The purpose of AI benchmarking is to

assess the merits and limitations of various AI solutions,
rank the multi-GPU systems and software platforms, and
interpret the measurements.

AI benchmarking is currently experiencing intensive growth, characterised by the appearance of numerous benchmark suites. Variety is good, but it makes the selection of suitable benchmarks more challenging since at present there is no generally accepted set of benchmarks let alone an agreement within the AI research community or industry.

In BASE-II, we suggest a characterisation approach which describes the resource requirements of AI applications in terms of computations and data movements for predicting runtime and scalability. The work on benchmarking is an ongoing effort the aim of which is to keep pace with the latest development of GPU chip design.

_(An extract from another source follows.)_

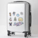 Personalizados de navidad pegatinas Vinyl recortó el estilo Navidades pegatinas temáticos. Palo fácil, gran desgaste y lágrimas. Estilos de vacaciones personalizados, 8 diseños separados en una página. Hombre de nieve, reno, 2 copos de nieve, árbol, bombillas colgantes, ángel, caramelos y una cáscara de copos de nieve.

The current repository BASE-II Benchmarks contains small, medium and large-scale benchmarks, where

- Small benchmarks measure the runtime of frequently used operations and the key hardware parameters.,
- Medium size benchmarks focus on convolutional networks (ResNet, VGG) and transformer models (GPT, BERT, T5), and
- Large size benchmarks represent complex applications drawn from various domains such as numerical weather prediction, material science and natural language processing.

Small Benchmarks

Deriving algebraic expressions for predicting the runtime, power usage and scalability of AI applications is an important step of the benchmarking activity. These algebraic expressions combine parameters of the workload and the multi-GPU system. A collection of simple benchmarks has been developed for measuring the key performance characteristics such as FLOP rate of GPUs, memory, communication and I/O bandwidths. The FLOP rate of frequently used operations is also measured which includes matrix multiplication, vector operations and collective communications. The advantage of these benchmarks is that they are simple, portable and the measurements are easy to interpret.

Medium-sized Benchmarks

The medium size benchmarks represent convolutional (ResNet, VGG) and transformer networks (GPT-2, BERT, T5).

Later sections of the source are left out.